Syrian women sit on a bench as they eat with a young boy in the city of Damascus on March 4, 2015
Damascus (AFP) - Syria's government, presiding over an economy ravaged by war and facing dwindling foreign currency reserves, is taking new measures to slash imports and prop up exports.
Importers require government licences that allow them to request a favourable exchange rate at the Syrian central bank.
But the government has in recent months issued fewer licences, and the central bank has increasingly declined to offer importers the favourable conversion rate.
"A month ago, I got a text message from the economy finance ministry telling me that because of the shrinking foreign currency reserves, I would no longer get the preferential dollar rate at the central bank," one importer of consumer goods told AFP.
"I've been left to fend for myself."
An official at Syria's economy ministry, quoted by the Al-Watan daily, said two-thirds of import licences granted in the last quarter of 2014 went to industries considered essential, including fuel, agriculture and pharmaceuticals.
That quarter, the government received import requests worth $2.7 billion, but only granted licences worth $1.2 billion, the official told the newspaper, which is close to the regime.
And the central bank offered preferential exchange rates to just 13 percent of those granted licences.
The measures come as Syria's economy suffers the ravages of more than four years of conflict that began with an anti-government uprising in March 2011.
The Syrian Centre for Policy Research (SCPR) estimates losses to the Syrian economy totalling $202.6 billion, equivalent to 383 percent of GDP in 2010, the year before war broke out.

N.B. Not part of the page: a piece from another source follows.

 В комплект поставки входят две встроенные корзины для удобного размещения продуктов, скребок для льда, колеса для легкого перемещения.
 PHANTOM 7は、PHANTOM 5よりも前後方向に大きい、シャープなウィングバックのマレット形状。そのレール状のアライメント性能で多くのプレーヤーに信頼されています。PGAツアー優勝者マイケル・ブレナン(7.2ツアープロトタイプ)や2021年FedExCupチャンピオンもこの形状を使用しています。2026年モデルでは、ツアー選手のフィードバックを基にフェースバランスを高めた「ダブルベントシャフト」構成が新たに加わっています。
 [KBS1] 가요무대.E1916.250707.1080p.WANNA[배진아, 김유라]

"A decision was taken to increase exports and limit imports," Fares Shehabi, president of the Syrian Federation of Chambers of Industry, told AFP.

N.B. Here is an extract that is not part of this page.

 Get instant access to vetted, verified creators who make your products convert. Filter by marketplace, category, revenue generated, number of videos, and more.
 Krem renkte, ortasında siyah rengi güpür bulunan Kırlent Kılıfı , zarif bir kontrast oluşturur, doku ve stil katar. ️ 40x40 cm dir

"What can be produced locally, will be, and what can be produced here will not be imported. We can provide the market with many products," he said.

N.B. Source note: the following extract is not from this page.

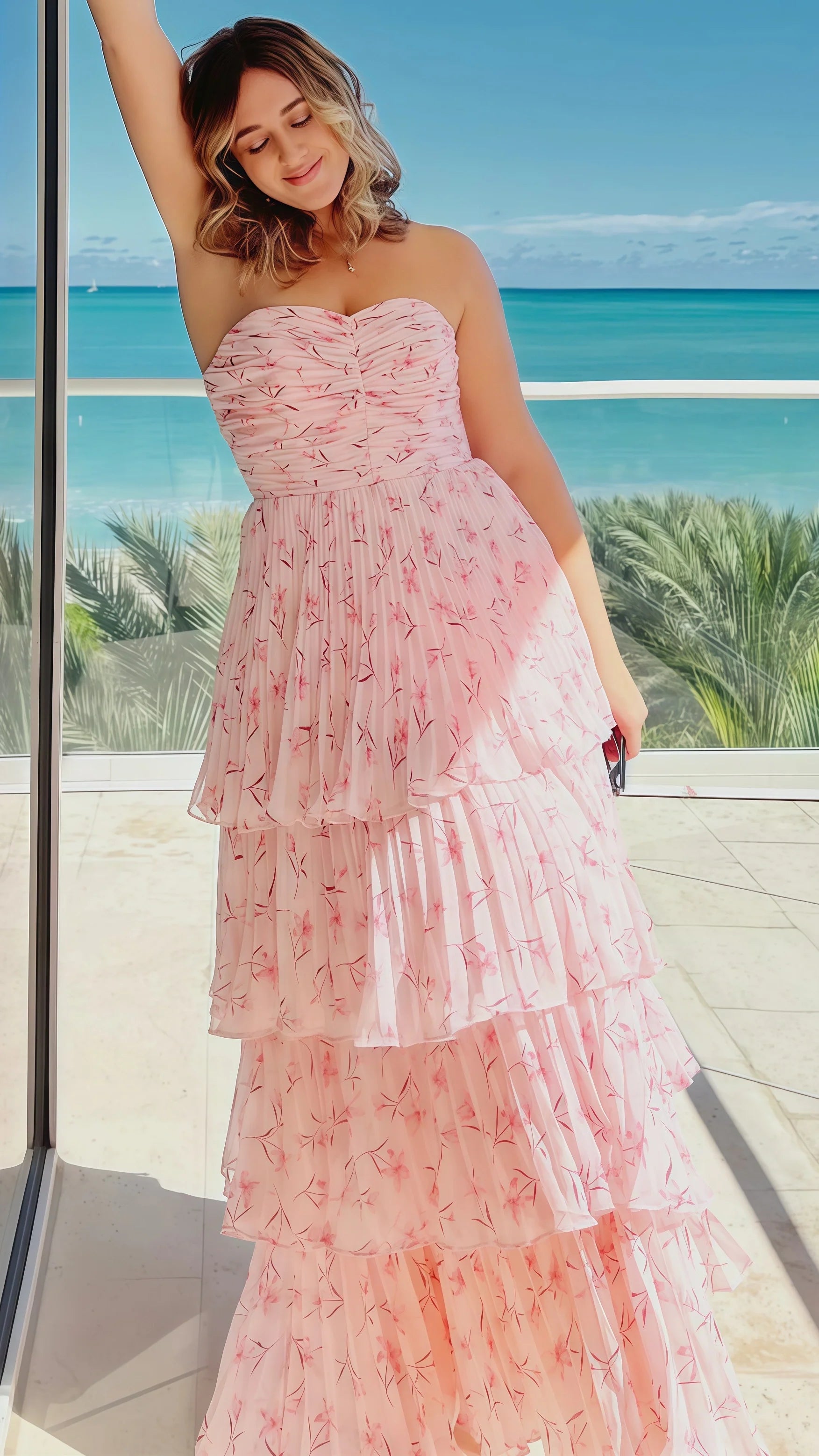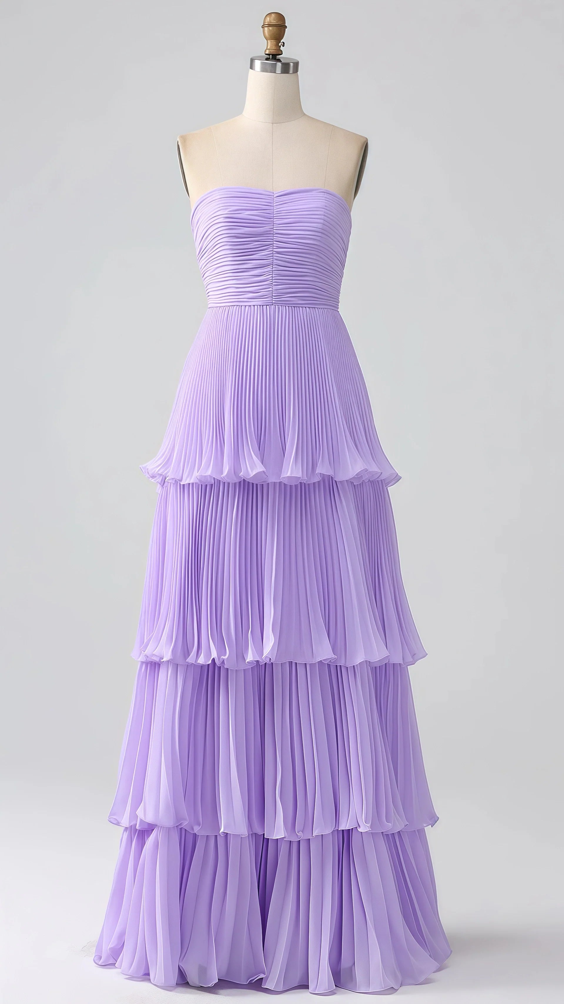 Strapless Chiffon Ruffle Prom Dress, Sleeveless Long Evening Party Gown, HZ0307

- 'We don't need pineapples' -
But that assessment may be optimistic, considering the decline in local manufacturing along with the other economic consequences of the war.
By 2013, the SCPR estimated manufacturing output had fallen to just 18.6 percent of its 2010 levels.
Last year, it rebounded somewhat, but was still at just 21.7 percent of 2010 levels by the end of 2014.
The country's key agriculture sector has been similarly ravaged, contracting 31.9 percent in 2013 compared to the previous year, according to the SCPR.
"We asked the government to reduce imports and encourage local industry and exports," said Mazen Hammour, secretary general of the Syrian Federation of Exporters.
"If local industry is solid, then exports will increase and so will foreign reserves," he told AFP.
"The country doesn't need to be importing luxury products like pineapples and French cheeses," he added.
"We should be importing primary materials necessary for local industry to produce merchandise that is export quality."
According to Al-Watan, Syria's exports in 2014 were worth just $1.8 billion, down from $11.3 billion in 2010.
The ratio of exports to imports deteriorated from 82.7 percent in 2010 to 29.7 percent in 2014, according to SCPR.
Iyad Mohamed, the exporters association treasurer, said measures to protect domestic manufacturing were desperately needed.
"We want our industry to be protected, like a newborn," he said, while acknowledging that a return to the closed economy over which former president Hafez al-Assad ruled was impossible.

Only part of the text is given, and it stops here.